In order to give a more specific answer to your question, let $K:=((-\Delta)+ 1)^{-1}$ be the inverse operator mapping the datum $f$ to the solution $u=Kf$ of $-\Delta u+u=f$. By standard elliptic regularity $K$ is a continuous operator from $L^2$ to $H^2$. Here I'm assuming that your boundary conditions, which you apparently don't prescribe explicitly, are nice enough so that this standard regularity machinery works. If not, the just replace $H^2(\Omega)$ below by $H^1(\Omega)$.

Answers

  • Bochner space is the key word here. In your first equation you implicitly consider $f(t)=f(.,.,t)$ as an element of $L^2(\Omega)$ for fixed time. (By the way: it seems that you work exclusively in spatial dimension 2, $(x,y)\in\Omega\subset \mathbb R^2$, if so it would be better to edit your question for the sake of clarity.) This is exactly what Bochner spaces do, typically $L^2((0,T);X)$ is the space of squared integrable functions $f:(0,T)\to X$ with values in the Banach space $X$, here you may want to consider of course $X=L^2(\Omega)$. Just a quick comment, though: whether an $L^2$ function $f(x,y,t)$ in space-time (in the classical sense) can actually be considered as such a Bochner function $t\mapsto f(.,.,t)\in L^2(\Omega)$, and conversely, is actually slightly more delicate than what it may seem at first sight. But this is whole different topics so let me not elaborate too much here, just google "Bochner space" or look up this keyword here on Math.MO you'll find quasillions of related questions and answers.

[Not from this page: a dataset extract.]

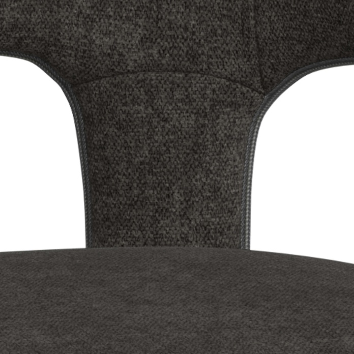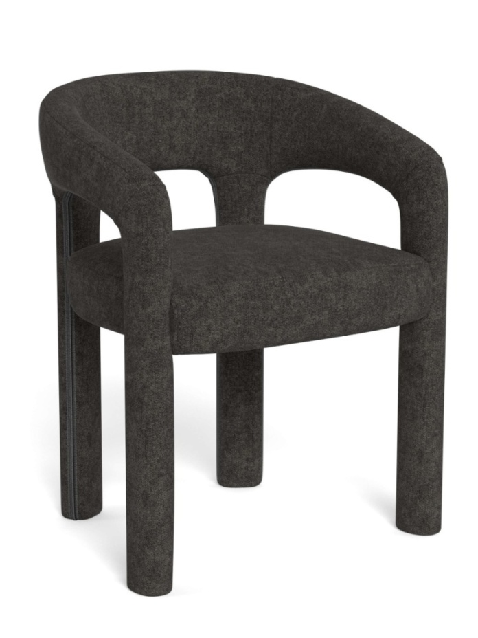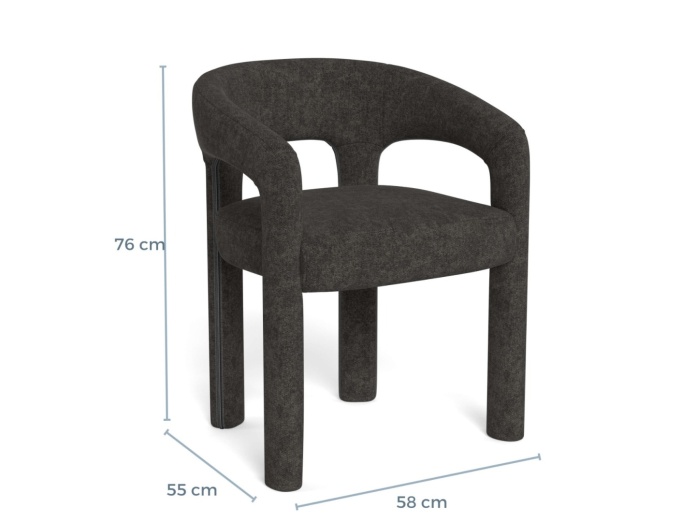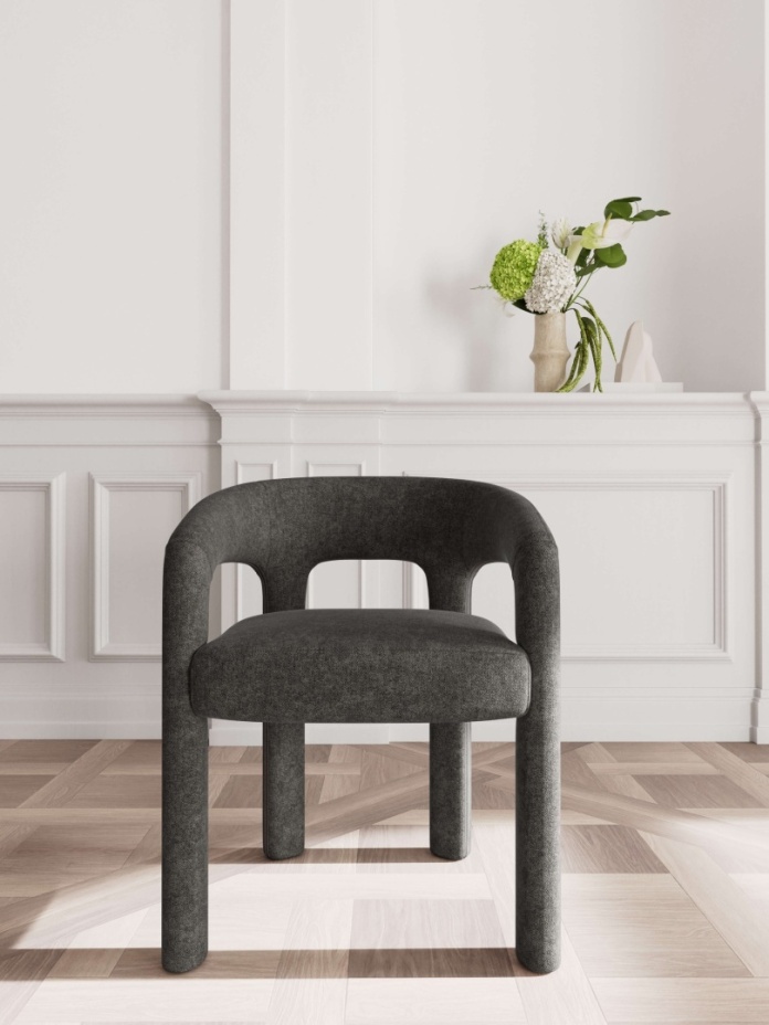 Krzesło jadalne o artystycznej, rzeźbiarskiej konstrukcji w pełni tapicerowane ciemnoszarą tkaniną Apia z wplecioną nicią szenilową. Cztery masywne, cylindryczne nogi i charakterystyczne zaokrąglone wycięcia w oparciu tworzą wyrazistą formę przypominającą współczesną rzeźbę. Sprężyny kieszeniowe w siedzisku zapewniają komfort, a ciemnoszara kolorystyka wprowadza elegancję i uniwersalność. Krzesło posiada zdejmowaną tapicerkę (zamki są dyskretnie umieszczone wzdłuż krawędzi krzesła), co ułatwia utrzymanie mebla w czystości.

  • For your second question the answer is yes. But in order to define $u(t)$ you need to be able to evaluate $f(t)$ at (almost every) time $t$. This is my first answer to your question, so let's assume that indeed your datum $f\in L^2(0,T;L^2(\Omega))$. In this setup it makes sense to evaluate $f(t)\in L^2(\Omega)$ for a.e. $t\in (0,T)$, hence you can define $$ u(t):= K[f(t)]=(-\Delta +1)^{-1}f(t) \in H^2(\Omega) \qquad \mbox{for a.e. }t. $$ So the answer is yes, and moreover you see that $u(t)$ lies in the better space $H^2(\Omega)$. Actually what this shows is that $u$ can be properly defined as an element of the Bochner space $L^2(0,T;H^2(\Omega))$. Note here that since $u$ is only defined for a.e. time clearly evaluating $u(0)$ does not make sense (you can always redefine $u$ on a negligible set of times and still get the same $L^2(0,T;H^2(\Omega))$ element)

  • With these preliminaries out of the way, the answer to your question 3 should now be pretty obvious: No, you cannot hope for such $L^\infty(0,T;L^2)$, unless you improve the time regularity of $f$. To see this, take any real-valued function of time $\eta=\eta(t)$ such that $\eta\in L^2(0,T)$. Take an arbitrary $F=F(x,y)\in L^2(\Omega)$ and set $f(x,y,t):=\eta(t)F(x,y)$. Then clearly (the operator $-\Delta +1$ does not depend on time!) the solution of your problem is $$ u(t)=\eta(t) KF \qquad\mbox{hence}\qquad \|u(t)\|_{L^2(\Omega)}=|\eta(t)|\, \|KF\|_{L^2(\Omega)} $$ and therefore $\sup\limits_{t\in (0,T)} \|u(t)\|_{L^2(\Omega)} = +\infty$ unless $\eta\in L^\infty(0,T)$. Note here that the same line of thoughts shows actually that the time regularity of $f$ gives the sharp time regularity of the solution, for example $f\in C^k([0,T];L^2)\Rightarrow u\in C^k([0,T];H^2)$ or whatever (you can substitute $C^k$ by whatever regularity scale you wish, roughly speaking).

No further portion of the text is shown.